Your companions spread into formation around you. Eve casts prismatic chain at a distant enemy — the lightning forks through three targets. Helena pulses a heal aura. Siegfried drops a void well that pulls enemies inward while you pick them off. These are not scripted sequences. They are emergent from data files you can edit.
And every number — every cooldown, every damage value, every colour, every label, every spawn timing, every dialogue line — lives in a plain-text file under Assets/. You can change any of it without compiling anything.
That is the point. That is always the point.
What Is Next
The immediate roadmap (Priority 1 in TODO.md) is full-control modding:
- General Lua event hooks —
on_run_start,on_enemy_killed,on_player_hit,on_level_up_offer. One API for all events. - Shared effect model — upgrades, abilities, and Lua commands all use the same stat-effect schema.
- Mod pack layout —
Mods/<mod_id>/mod.tomlwith metadata, versioning, and namespaced content. - Scene TOML files — prop placement, garden beds, and fences extracted from hardcoded Rust into data.
- Audio persistence — save volume settings, lazy-load non-core SFX, dynamic music crossfade.
Beyond that: skill trees, legendary items, evolutions, full enemy roster, stages 2-6, endless mode, co-op.
But the truth is, the thing I am most excited about is handing this to someone who has never written code and watching them change something anyway.

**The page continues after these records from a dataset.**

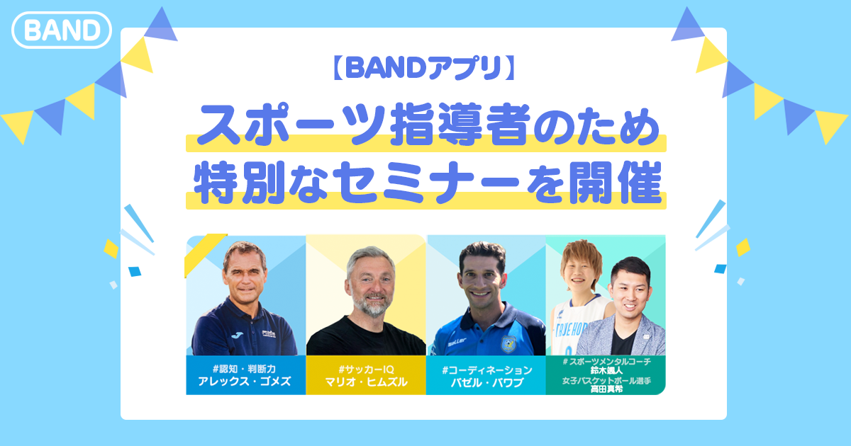 「BAND」は、ドイツなどグローバルサッカーに専門家を招待し、スポーツ指導者のための”無料オンラインセミナー”を4週間にわたっておこなう「BAND for Sports キャンペーン」開催中です!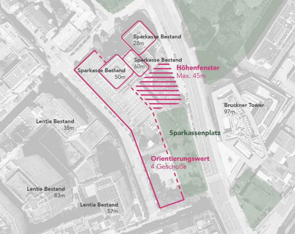 Der aktuell davor befindliche Parkplatz wird voraussichtlich viergeschoßig (Orientierungswert) verbaut. Gegenüber des Bruckner Towers soll ein „Sparkassenplatz“ entstehen, nördlich davon ist ein Neubau mit einer Höhe bis 45 Metern angedacht.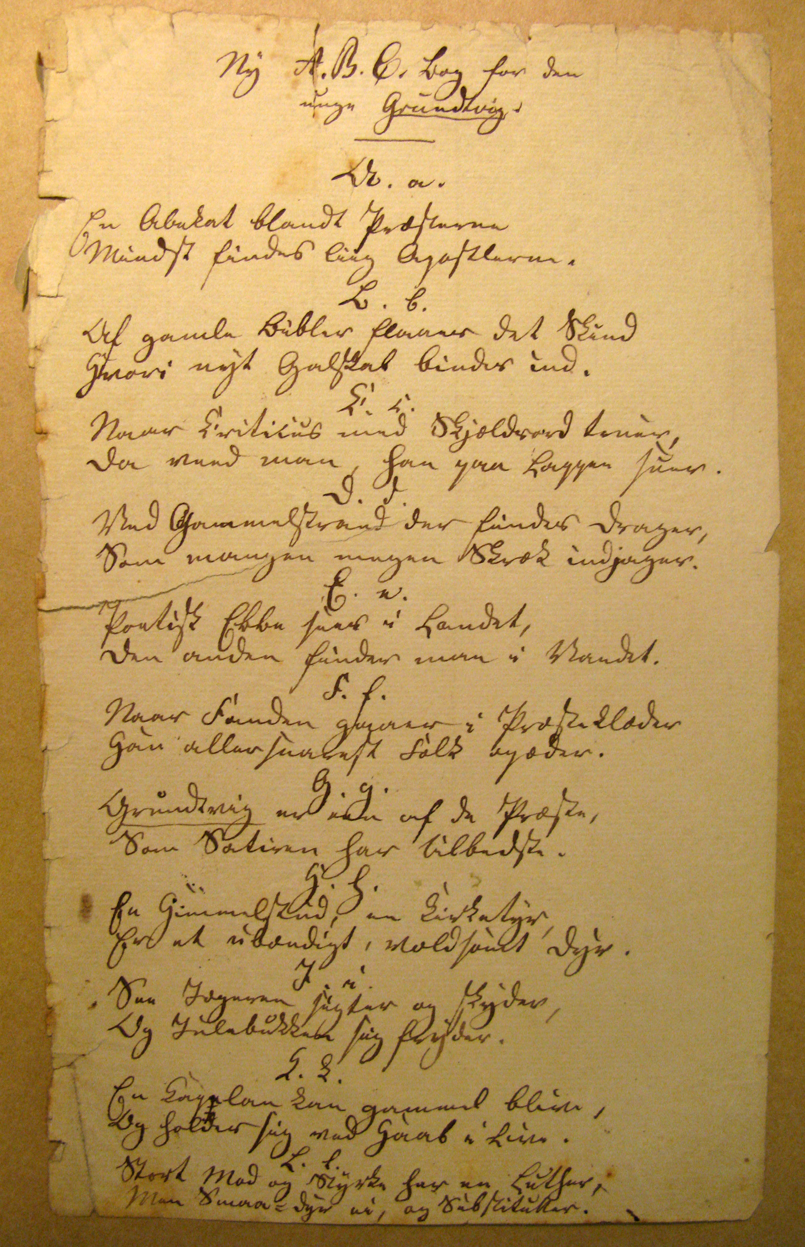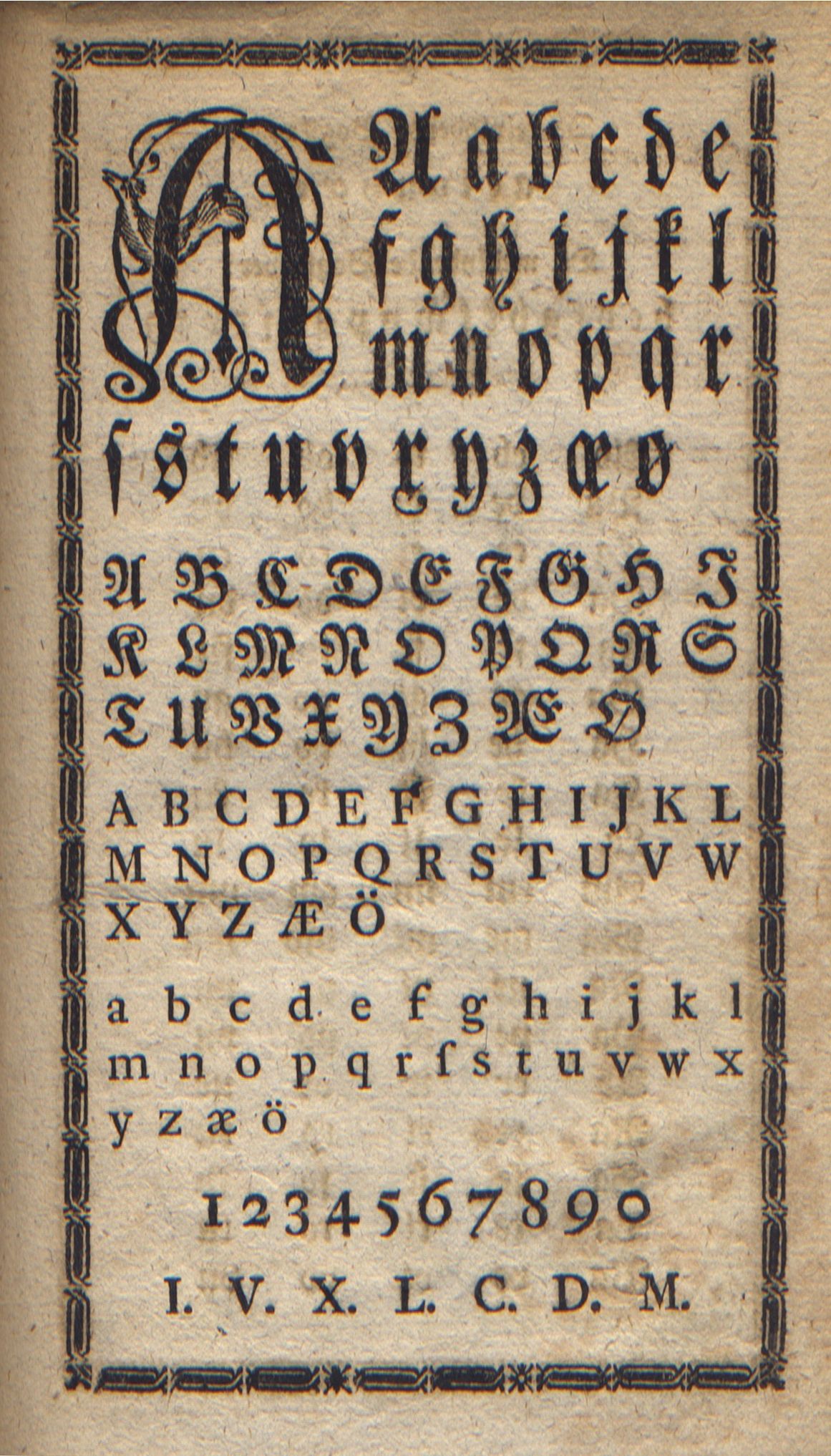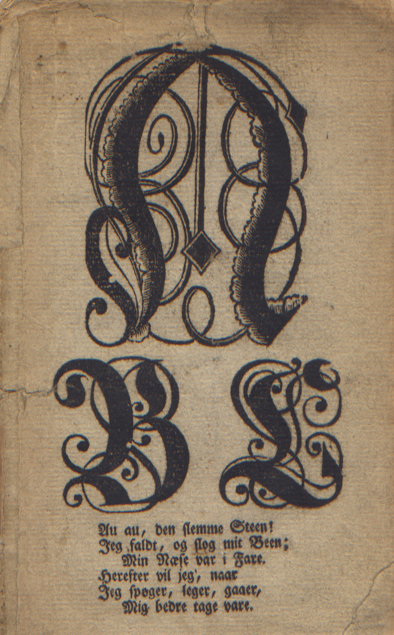 Den gamle Abc vendte opad den første Side, og det er den vigtigste i den, der staae alle Bogstaverne, de store og smaa. Det Blad har nu Alt, hvad alle de andre Bøger leve af, Alphabetet, Bogstaverne, dem, der dog regjere i Verden; en forfærdelig Magt har de! det kommer alene an paa, hvorledes de kommanderes til at staae; de kunne give Liv, slaae ihjel, glæde og bedrøve. Enkelte opstillede betyde de Ingenting, men stillede i Geled, – ja, da vor Herre lod dem lægge under sine Tanker, fornam vi mere, end vi mægtede at bære, vi bøiede os dybt, men Bogstaverne mægtede at bære det.[19]
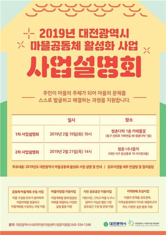 대전시가 오는 19일과 21일 마을의 다양한 공동체그룹을 대상으로 ‘2019 마을공동체 활성화사업 사업설명회’를 개최한다“고 17일 밝혔다. 설명회는 사업의 세부적인 내용과 사업비 집행기준에 대한 상세한 내용을 안내하며, 19일 오전 10시 청춘다락 (동구 선화로 196번길 48 1층)과 21일 오후 2시 청춘너나들이(서구 둔산중로 19 샤크존 2층)에서 각각 개최된다. 2019 마을공동체 활성화사업은 주민이 마을의 문제를 스스로 발굴하고 해결하는 과정을 지원하는 사업으로 모두 13억 원의 예산이 지원된다. 사업전체는 주민이 마을의 문제를 발견, 함께 참여하고, 협의하는 과정을 거쳐 사업을 진행할 수 있는 마을민주주의 실현하는 과정으로 진행된다. 지원사업은 모두 4개로 ▲ 공동체 마을계획수립사업 ▲ 마을리빙랩사업 ▲ 시민공유공간사업 ▲ 지역화폐조성사업으로 구성돼 있다. 대전시 관계자는 “동아리형태의 마을공동체에서 더 나아가 직접 동 주민센터, 중간지원조직 활동가, 전문가와 함께 직접 마을의 문제를 해결하는 데 마을 공동체가 적극 참여하길 바란다”고 말했다.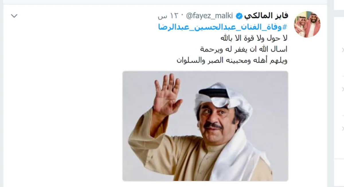 نعى الفنان وسفير الإنسانية فايز المالكي، داعيًا للفقيد: "لا حول ولا قوة إلّا بالله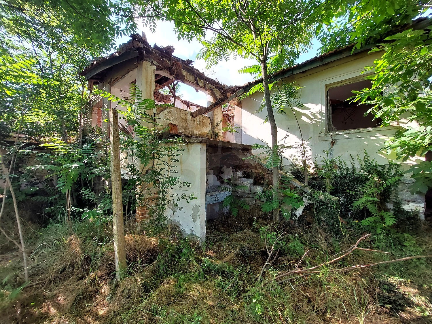 В границите на имота има почти паднала къща (60 кв.м.), но със здрави каменни основи, които могат да бъдат използвани за построяването на нова такава. Намира се на неасфалтов път, заемаща място на две улици, тъй като е точно на самия ъгъл. В двора има кладенец.
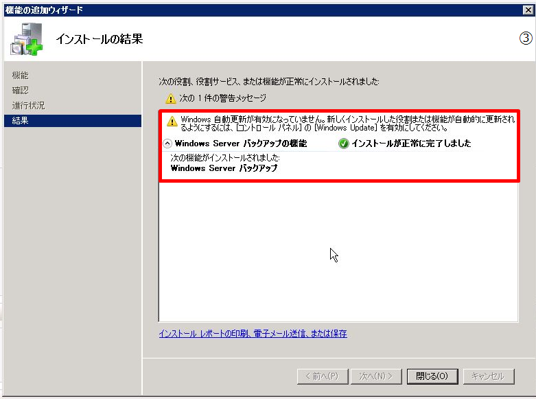 - 「インストールの結果」にて正常にインストールが完了していることを確認する。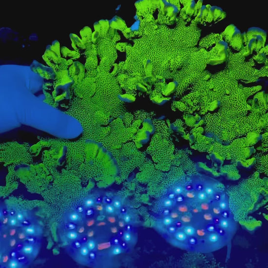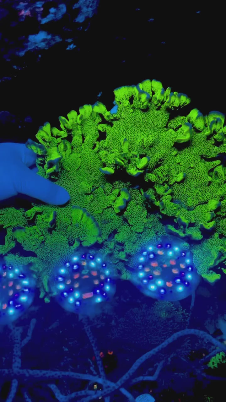 Moderate to high light works best. Around 150 to 250 PAR keeps the green base vivid and the purple or blue growth ridges sharp. Under very strong light you get tighter growth and stronger color separation.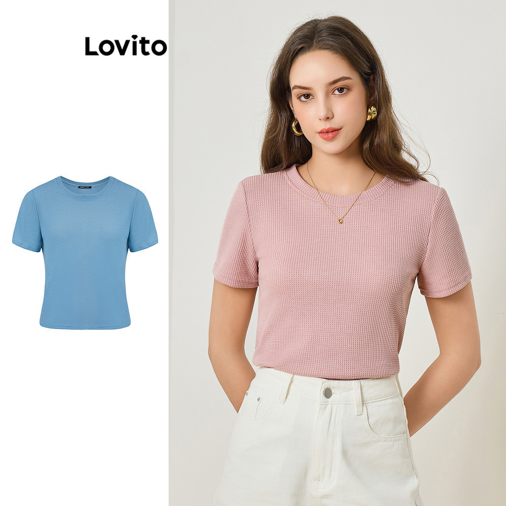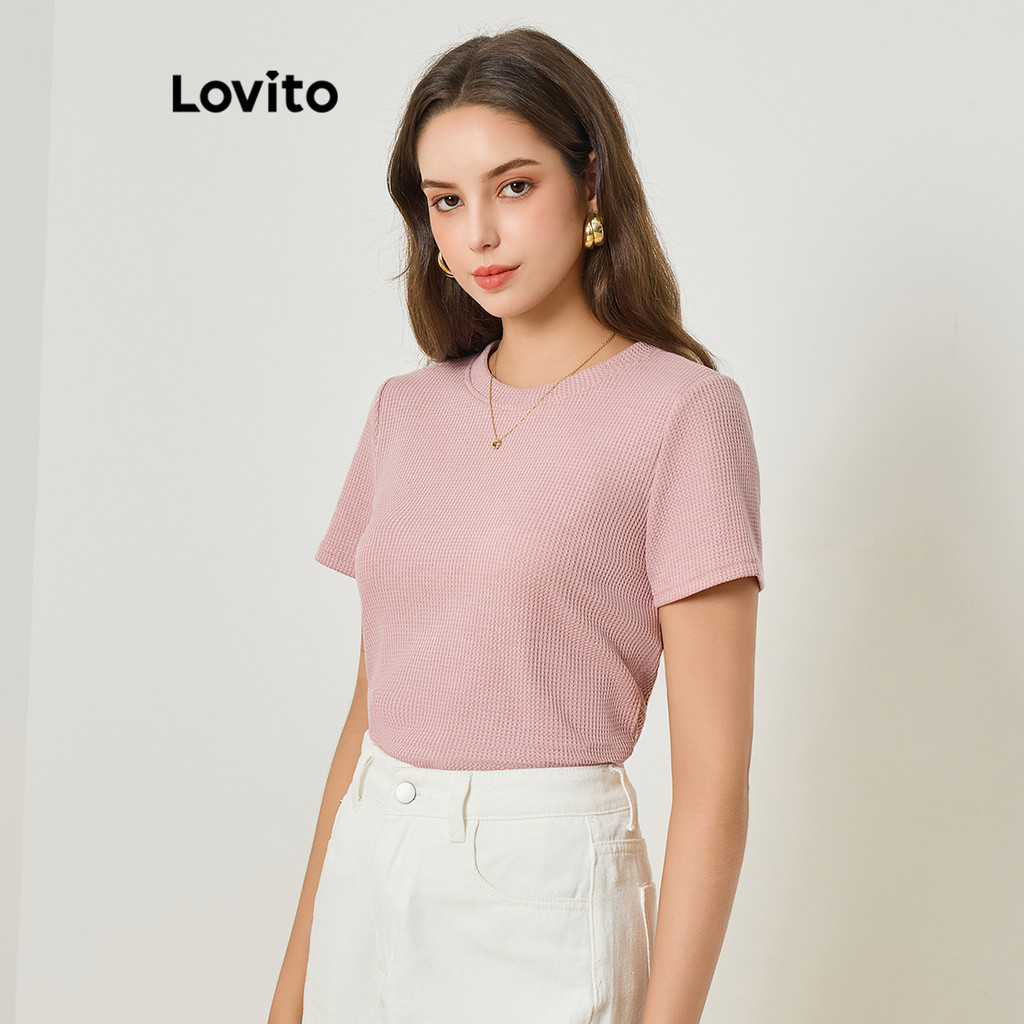 Lovito Camiseta Casual Lisa Jacquard Para Mulheres L83ED010 (Multicolorido)

The architecture exists to make that possible. The rest is content.
My daughter is asleep. The baby monitor is quiet. I have maybe an hour before she wakes up and the whole cycle starts again. That is enough time to fix one bug, ship one feature, or write one more loader function that lets someone change the game without fighting the compiler.
Eighty minutes well spent.
If you read this far: everything in Assets/ is yours. cargo run --bin mod_check will tell you if you broke something. Docs/MODDING.md will tell you how to fix it. The game is built to be taken apart.